添加了一個基於HouseStyle的特徵,對於未完成的house轉爲數值0，已完成的爲1

Unf=['2.5Unf','1.5Unf']
all_data["HouseStypeFinish"]=all_data["HouseStyle"].map(lambda x:0 if x in Unf else 1)

all_data['TotalSF'] = all_data['TotalBsmtSF'] + all_data['BsmtFinSF1'] + all_data['BsmtFinSF2']

Category離散變量數值化

# Quality map
qual_dict = { 'NA':0,'Po':1,'Fa':2,'TA':3,'Gd':4,'Ex':5}
all_data["ExterQual"] = all_data["ExterQual"].map(qual_dict).astype(int)
all_data["ExterCond"] = all_data["ExterCond"].map(qual_dict).astype(int)
all_data["BsmtQual"] = all_data["BsmtQual"].map(qual_dict).astype(int)
all_data["BsmtCond"] = all_data["BsmtCond"].map(qual_dict).astype(int)
all_data["HeatingQC"] = all_data["HeatingQC"].map(qual_dict).astype(int)
all_data["KitchenQual"] = all_data["KitchenQual"].map(qual_dict).astype(int)
all_data["FireplaceQu"] = all_data["FireplaceQu"].map(qual_dict).astype(int)
all_data["GarageQual"] = all_data["GarageQual"].map(qual_dict).astype(int)
all_data["GarageCond"] = all_data["GarageCond"].map(qual_dict).astype(int)
all_data['PoolQC'] = all_data.PoolQC.replace({'NA':0,'Fa':1,'TA':2,'Gd':3,'Ex':4})

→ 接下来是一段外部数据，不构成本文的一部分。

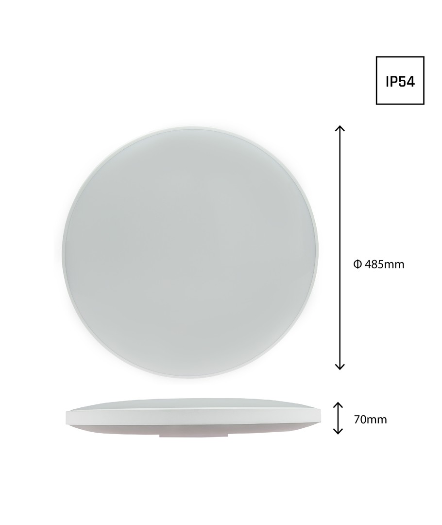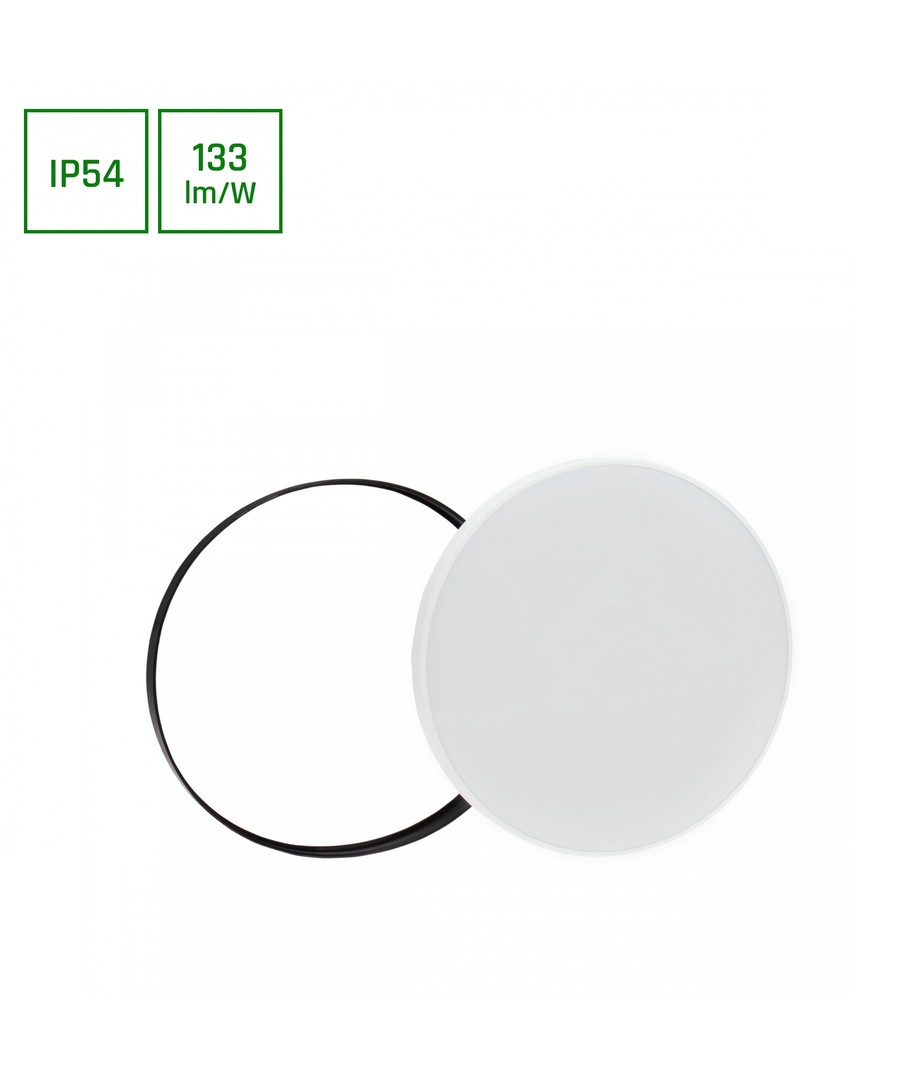 De lamp is beschermd met een IP54-classificatie, wat betekent dat hij bestand is tegen vochtige lucht en spatwater, waardoor hij geschikt is voor gebruik in ruimtes met een hogere luchtvochtigheid, zoals badkamers en wasruimtes.

#basement finish type map dictionary
bsmt_fin_dict = {'NA': 0, "Unf": 1, "LwQ": 2, "Rec": 3, "BLQ": 4, "ALQ": 5, "GLQ": 6}
all_data["BsmtFinType1"] = all_data["BsmtFinType1"].map(bsmt_fin_dict).astype(int)
all_data["BsmtFinType2"] = all_data["BsmtFinType2"].map(bsmt_fin_dict).astype(int)
all_data['BsmtExposure'] = all_data.BsmtExposure.replace({'NA':0,'No':1,'Mn':2,'Av':3,'Gd':4})

#other feature has obvious level category
#all_data['BsmtExposure'] = all_data.BsmtExposure.replace({'NA':0,'No':1,'Mn':2,'Av':3,'Gd':4})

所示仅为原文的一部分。